Dataset excerpt:
════════
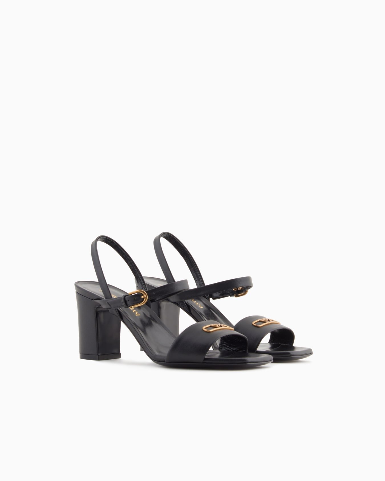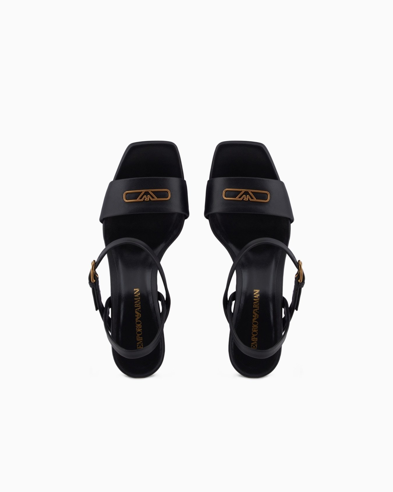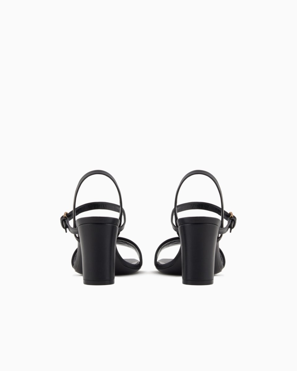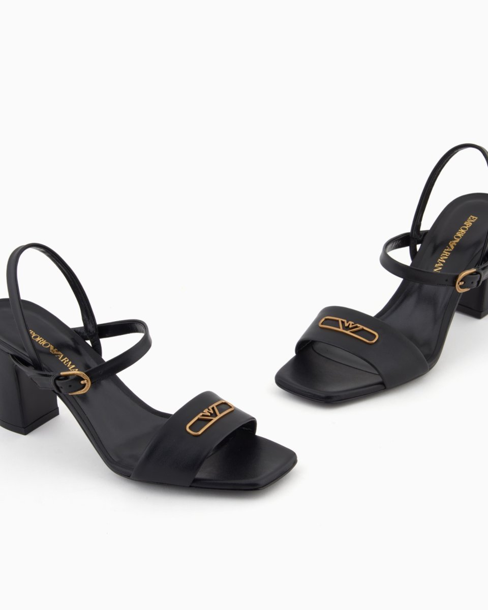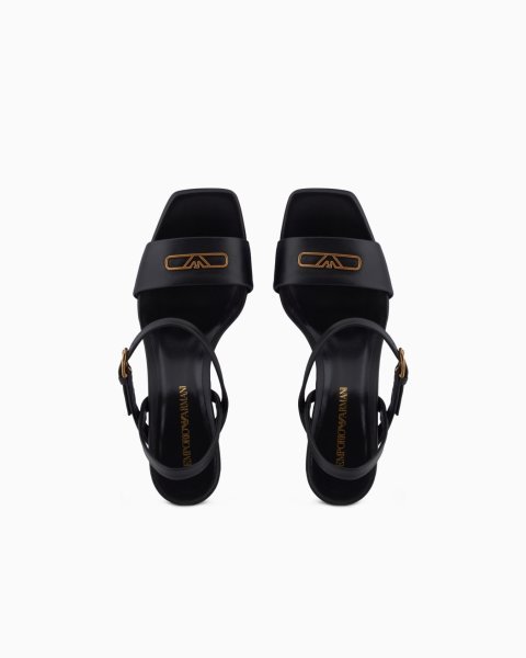 Sandals with heel, ankle strap and upper in nappa leather with a metal eagle logo. A versatile, clean-lined selection that is easy to wear.
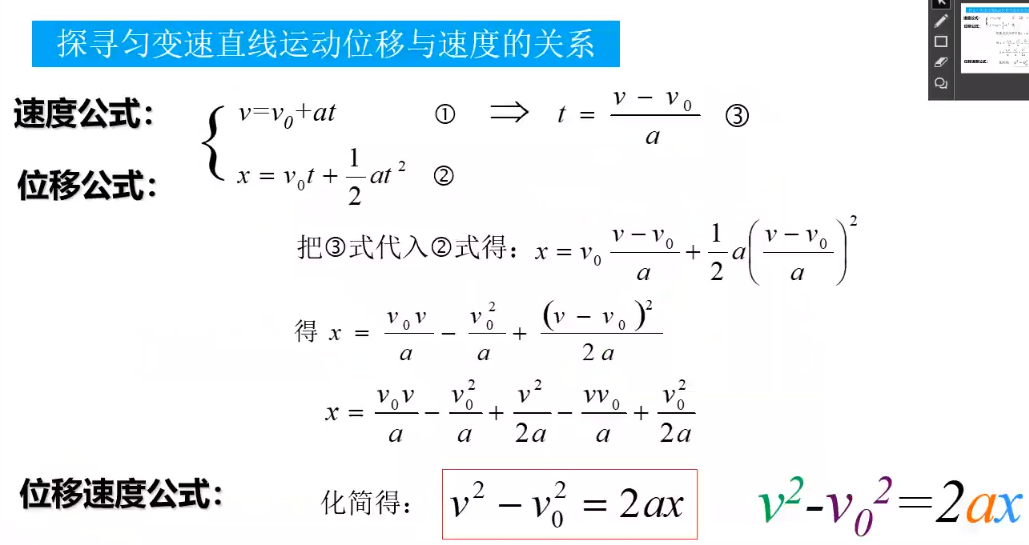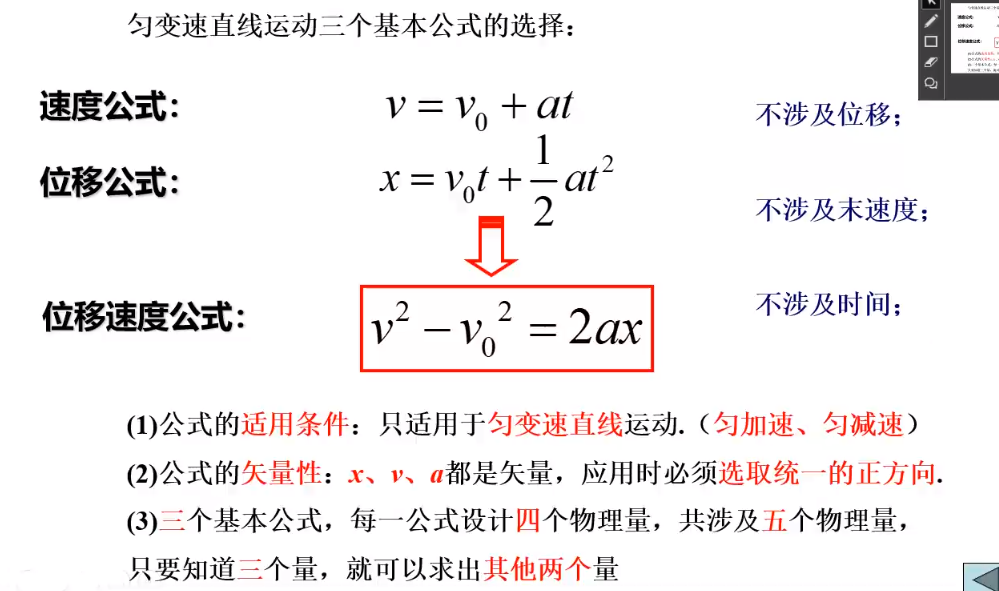 # 常用公式 # 匀加速直线运动 # 基本公式 v=v0+atv=v_0+atv=v0+at v0t+12at2v_0 t + {1 \over 2} a t^2v0t+21at2 v2−v02=2axv^2 - v_0^2 = 2 a xv2−v02=2ax # 推论 vt2=v‾=v0+v2v_{t \over 2} = \overline{v} = {v_0 + v \over 2}v2t=v=2v0+v △x=at2\triangle x=at^2△x=at2 整理物理
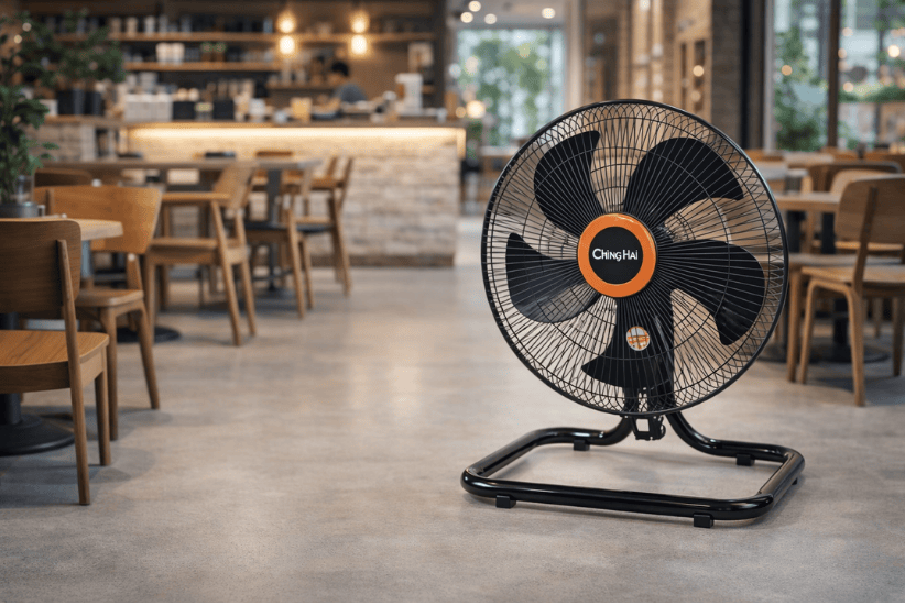 Đặt lệch đầu dãy bàn, cho gió thổi dọc theo lối đi → mát “phủ” hơn, hạn chế thổi thẳng vào mặt khách.
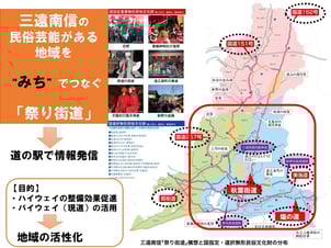 三遠南信地域全体が民俗芸能の宝庫であり、国道151号、152号、257号をはじめ、既存道路を活用して祭りの地域を巡る仕組みをつくるプロジェクトを行いました。
════════
Problem to solve: Because the copy must hold no pictures, return only the lines that run from the line containing "# 常用公式 # 匀加速直线运动" to the end of the data above, each exactly as it stands.

Output of the task:
 # 常用公式 # 匀加速直线运动 # 基本公式 v=v0+atv=v_0+atv=v0+at v0t+12at2v_0 t + {1 \over 2} a t^2v0t+21at2 v2−v02=2axv^2 - v_0^2 = 2 a xv2−v02=2ax # 推论 vt2=v‾=v0+v2v_{t \over 2} = \overline{v} = {v_0 + v \over 2}v2t=v=2v0+v △x=at2\triangle x=at^2△x=at2 整理物理
 Đặt lệch đầu dãy bàn, cho gió thổi dọc theo lối đi → mát “phủ” hơn, hạn chế thổi thẳng vào mặt khách.
 三遠南信地域全体が民俗芸能の宝庫であり、国道151号、152号、257号をはじめ、既存道路を活用して祭りの地域を巡る仕組みをつくるプロジェクトを行いました。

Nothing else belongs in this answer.